TASK BRIEF: Below are the records. Retype, exactly, the lines from the first through the line with "Цели урока: познакомить", and leave out the pictures.

MATERIAL FOR THIS EXERCISE:
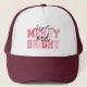 Pink Merry And Bright Typography Groovy Christmas Trucker Hat
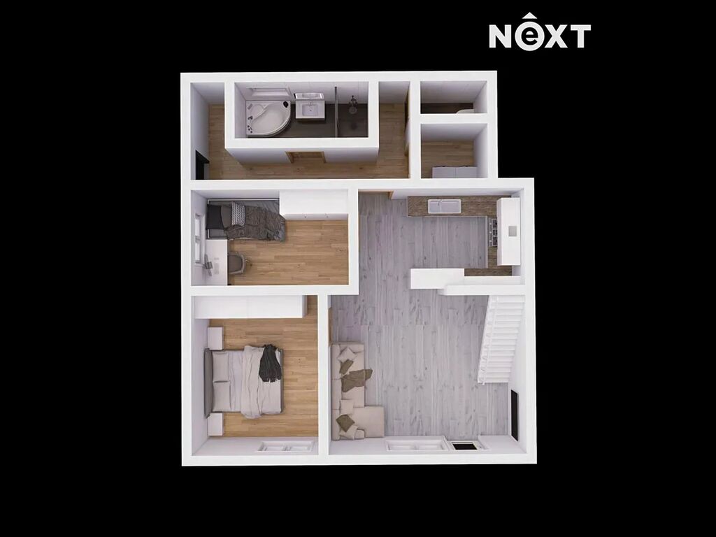 Nyní jsou obě poloviny ve stavu vyžadující kompletní rekonstrukci. A můžou vypadat právě tak, jak vidíte na těchto fotkách. Ty jsou z identického dvojdomku, respektive z jeho poloviny, která už má realizaci za sebou. Budoucí dispozice každé poloviny může být řešena jako 3+kk s dvěma horními prostory.
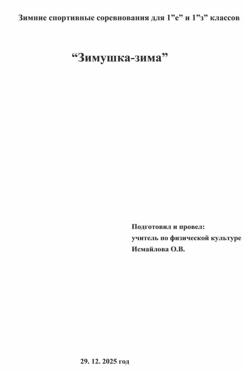 Зимние спортивные соревнования для 1”е” и 1”з” классов
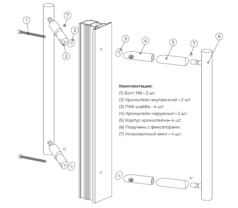 3. Вставить поручень с фиксаторами (6) в подготовленные на профиле кронштейны и закрепить установочным винтом (7) в технологическом отверстии.
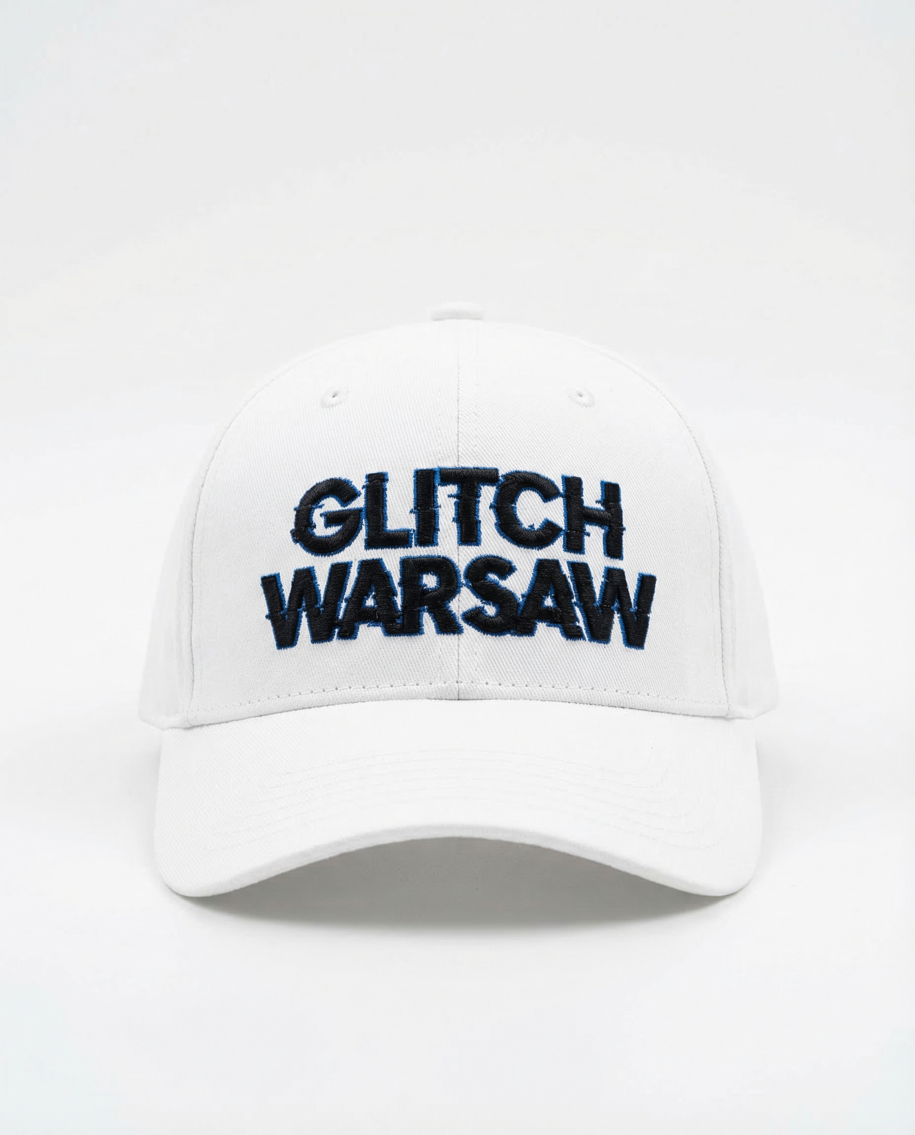 White structured six-panel cap with 3D embroidered "GLITCH WARSAW" in navy. Adjustable strap. Premium cotton twill.
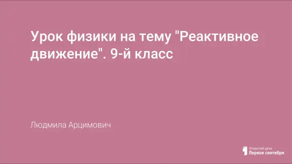 Цели урока: познакомить с понятием «реактивное движение»; познакомить учащихся с практическим применением закона сохранения импульса; развивать творческие способности и познавательные интересы; привить интерес к физике.
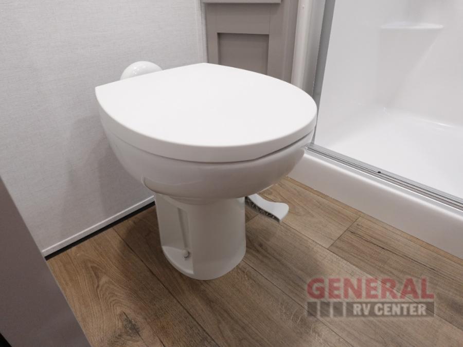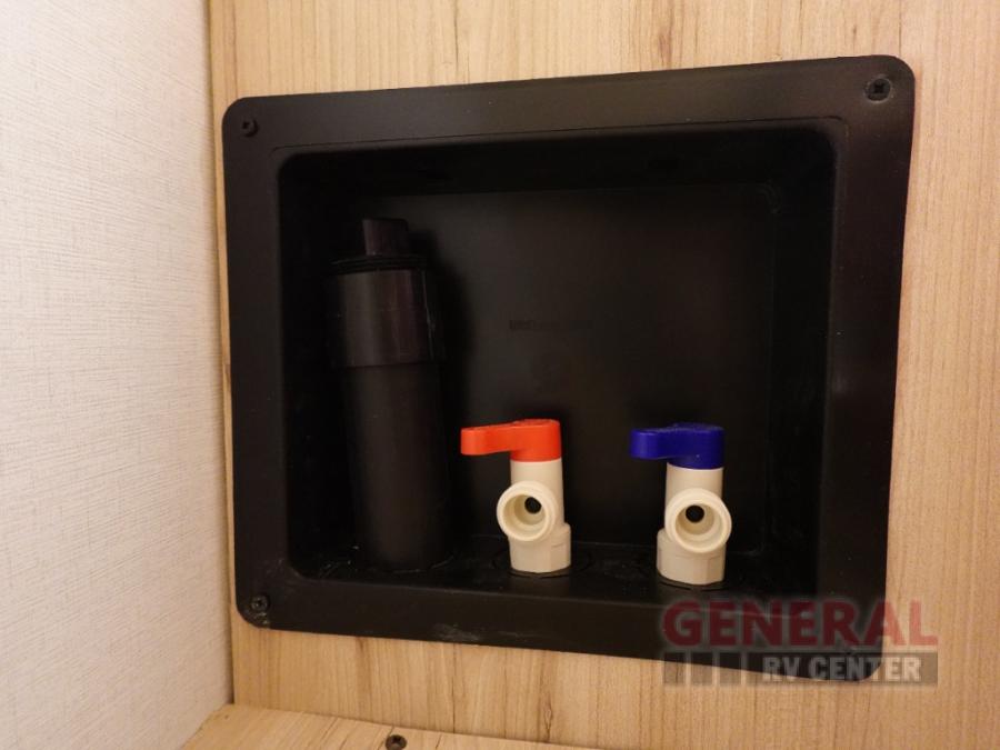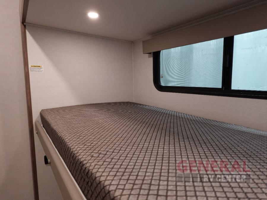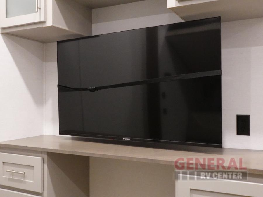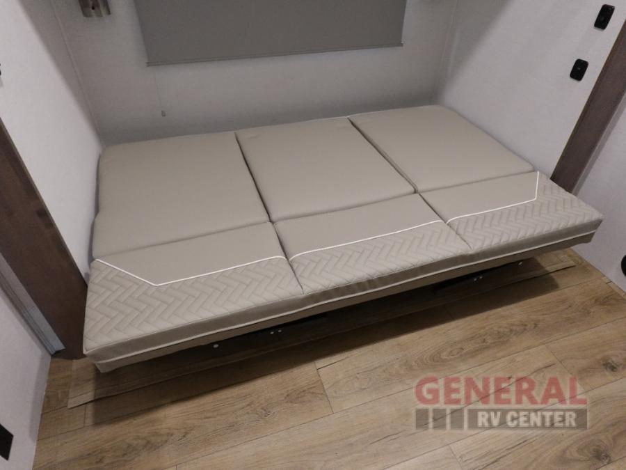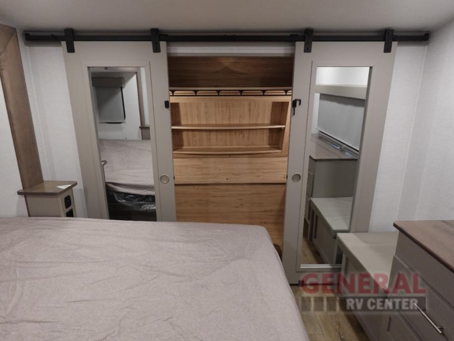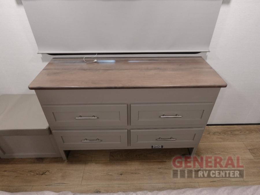 Life will be easy in this fifth wheel! The floating dinette table has two chairs on one side and a movable ottoman with flip up storage on the other side to keep your games or extra table cloths in. The kitchen island makes it easy to prepare a delicious home cooked meal. You can store your dishes and snacks inside the hutch/pantry or in the second pantry. The front private bedroom has a king bed slide. There is also a dresser and large wardrobe for storage, and either side of the wardrobe with washer and dryer prep. The rear living area features a dual recliner theater seat across from an entertainment center with a 50" class HDTV with hidden storage behind it, and easy for all to see even at the rear sleeper sofa. Plus, you have a second bedroom with a slide that houses a sleeper sofa bunk and trundle across from a dresser with a 40" TV above it!

RESPONSE:
 Pink Merry And Bright Typography Groovy Christmas Trucker Hat
 Nyní jsou obě poloviny ve stavu vyžadující kompletní rekonstrukci. A můžou vypadat právě tak, jak vidíte na těchto fotkách. Ty jsou z identického dvojdomku, respektive z jeho poloviny, která už má realizaci za sebou. Budoucí dispozice každé poloviny může být řešena jako 3+kk s dvěma horními prostory.
 Зимние спортивные соревнования для 1”е” и 1”з” классов
 3. Вставить поручень с фиксаторами (6) в подготовленные на профиле кронштейны и закрепить установочным винтом (7) в технологическом отверстии.
 White structured six-panel cap with 3D embroidered "GLITCH WARSAW" in navy. Adjustable strap. Premium cotton twill.
 Цели урока: познакомить с понятием «реактивное движение»; познакомить учащихся с практическим применением закона сохранения импульса; развивать творческие способности и познавательные интересы; привить интерес к физике.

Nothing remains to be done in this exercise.